• Exercise inputs
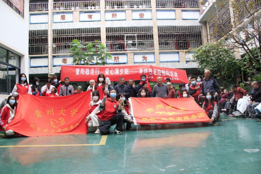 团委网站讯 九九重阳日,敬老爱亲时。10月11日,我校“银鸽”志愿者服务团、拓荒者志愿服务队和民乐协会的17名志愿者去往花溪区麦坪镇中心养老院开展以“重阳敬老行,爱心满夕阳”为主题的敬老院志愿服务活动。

--

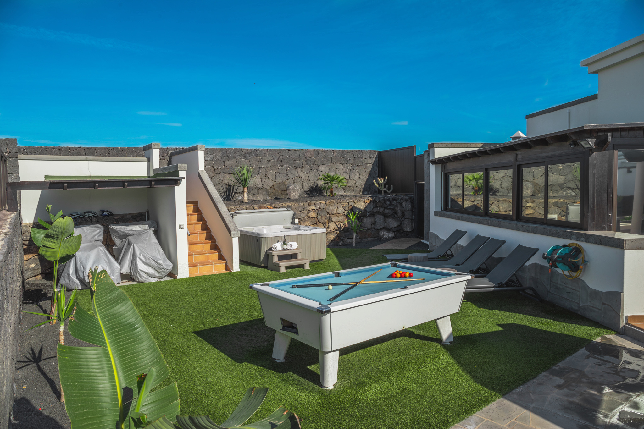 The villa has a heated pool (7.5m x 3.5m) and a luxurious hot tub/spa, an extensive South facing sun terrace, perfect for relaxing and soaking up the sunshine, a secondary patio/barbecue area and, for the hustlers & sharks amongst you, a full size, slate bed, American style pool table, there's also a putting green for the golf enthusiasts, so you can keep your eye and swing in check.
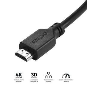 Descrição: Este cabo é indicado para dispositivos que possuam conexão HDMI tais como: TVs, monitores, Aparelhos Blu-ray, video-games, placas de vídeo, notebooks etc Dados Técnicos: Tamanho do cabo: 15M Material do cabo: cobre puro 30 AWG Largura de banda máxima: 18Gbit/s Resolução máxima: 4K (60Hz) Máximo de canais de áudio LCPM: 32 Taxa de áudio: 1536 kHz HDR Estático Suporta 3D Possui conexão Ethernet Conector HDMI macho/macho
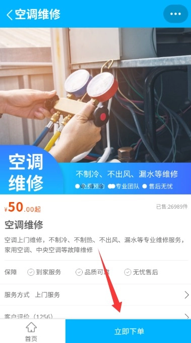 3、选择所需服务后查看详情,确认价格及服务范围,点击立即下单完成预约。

* * *

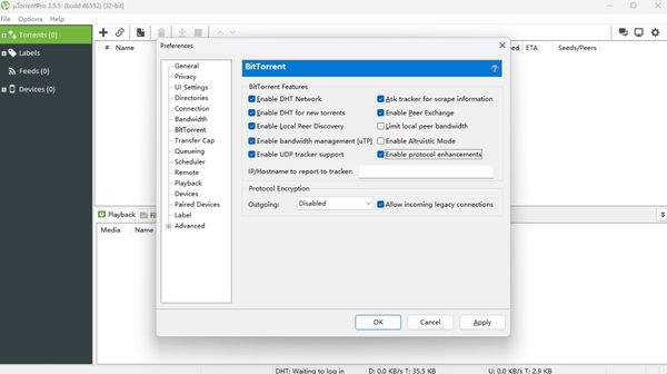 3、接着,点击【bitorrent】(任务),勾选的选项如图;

• Problem requirements
Set down, exactly as written above, each line from the one with "Descrição: Este cabo" through the one with "3、选择所需服务后查看详情,确认价格及服务范围,点击立即下单完成预约。", and skip the pictures.

• Reply to the task
 Descrição: Este cabo é indicado para dispositivos que possuam conexão HDMI tais como: TVs, monitores, Aparelhos Blu-ray, video-games, placas de vídeo, notebooks etc Dados Técnicos: Tamanho do cabo: 15M Material do cabo: cobre puro 30 AWG Largura de banda máxima: 18Gbit/s Resolução máxima: 4K (60Hz) Máximo de canais de áudio LCPM: 32 Taxa de áudio: 1536 kHz HDR Estático Suporta 3D Possui conexão Ethernet Conector HDMI macho/macho
 3、选择所需服务后查看详情,确认价格及服务范围,点击立即下单完成预约。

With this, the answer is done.